How do you monitor AI agents in production?
What matters first
Section titled “What matters first”Monitor AI agents as workflow systems, not just model calls.
That means watching:
- task success,
- high-severity failure classes,
- approval and escalation behavior,
- retry patterns,
- operator rescue load,
- latency,
- and cost per useful outcome.
If monitoring only shows uptime, token spend, and request volume, it is still too thin for production.
The wrong monitoring model
Section titled “The wrong monitoring model”The weak model is:
“If the API is up and average latency is fine, the agent is healthy.”
That misses the failures that actually damage the workflow:
- wrong decisions with polished output,
- retries that hide instability,
- rising manual rescue work,
- approval drift,
- and expensive side effects that only appear after the run.
AI monitoring needs application signals, workflow signals, and control-boundary signals together.
The live signals that matter most
Section titled “The live signals that matter most”Healthy agent monitoring usually starts with:
- successful outcome rate
- unsafe or high-cost failure rate
- approval rate
- escalation rate
- manual rescue rate
- retry rate
- time to trusted completion
- cost per successful outcome
These show whether the system is actually helping the workflow.
Why manual rescue is one of the best signals
Section titled “Why manual rescue is one of the best signals”Many teams under-monitor manual rescue.
That is a mistake because a system can look healthy in:
- latency,
- model quality,
- and even raw completion rate
while humans are quietly redoing the work downstream.
If rescue work rises, the agent may still be “working” technically while failing economically.
What to segment by
Section titled “What to segment by”Do not monitor one giant blended average.
Segment by:
- workflow type,
- risk class,
- model lane,
- tool path,
- approval path,
- and customer or team tier when relevant.
Blended averages hide the expensive failures.
The most useful alert pattern
Section titled “The most useful alert pattern”The most useful production alerts usually focus on:
- sudden changes in failure-class mix,
- rising retries,
- unusual approval spikes,
- rescue-rate jumps,
- cost spikes without quality gain,
- and regressions after release.
A good monitoring system helps you see behavioral drift, not just technical outages.
Monitoring should feed real operating decisions
Section titled “Monitoring should feed real operating decisions”Monitoring is only valuable if it can trigger:
- rollback,
- tighter permissions,
- stronger approval requirements,
- more sampling,
- or updates to the eval set.
Otherwise it becomes dashboard theater.
The practical rule
Section titled “The practical rule”Monitor the agent at the exact places where the business would say:
- “that result was not trustworthy,”
- “that action should have stopped,”
- or “this cost too much human cleanup.”
Those are the signals that deserve operational attention.
Implementation checklist
Section titled “Implementation checklist”Your monitoring model is probably healthy when:
- live metrics reflect workflow outcome rather than only technical throughput;
- high-cost failure classes are visible separately from harmless misses;
- approval, escalation, and rescue are monitored explicitly;
- releases can be tied to behavior changes quickly;
- and monitoring can trigger real operating responses instead of only reports.
Compare next
Section titled “Compare next”Reader value check
Section titled “Reader value check”This page should help a reader decide whether the eval, trace, scorecard, or monitoring signal is strong enough to support a release decision.
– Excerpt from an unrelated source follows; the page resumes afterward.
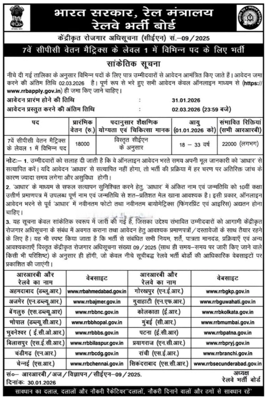 RRB Group D Recruitment 2026: The Railway Recruitment Board (RRB) has released a notification for various posts in the Level 1 (Group D) category. All interested and eligible candidates must read the RRB Group D Recruitment 2026 notification carefully and submit their applications before the prescribed deadline. See all information related to the RRB Group D Recruitment 2026 post on the official website https://indianrailways.gov.in/. All the details related to the RRB Group D Recruitment 2026 are provided below.

For How do you monitor AI agents in production?, the page is not finished if it only explains vocabulary. It should change what the team approves, measures, routes, buys, logs, or refuses to automate.
Before applying the guidance, bring production traces, labeled failure examples, reviewer notes, and the exact workflow step being evaluated. Those inputs keep the decision anchored in real operating conditions instead of a generic best-practice list.
| Check | What the reader should be able to answer |
|---|---|
| Signal quality | Can the team explain what behavior the signal proves, and what it does not prove? |
| Release use | Does the page help decide whether to ship, hold, roll back, or collect more evidence? |
| Failure learning | Does each miss become a reusable eval case instead of a one-off complaint? |
| Owner | Is there a named person or team responsible for maintaining the scorecard or review loop? |
Use the page as a working review artifact: compare the current workflow against the table, mark the missing evidence, and assign an owner for the next change. If the page exposes a gap but no one owns that gap, the correct next step is not broader rollout; it is a smaller pilot, a clearer gate, or a better measurement loop.
For EvalOps pages, the useful outcome is a sharper release conversation. A reader should leave knowing which evidence belongs in the gate, which evidence belongs in incident review, and which metric is too vague to trust.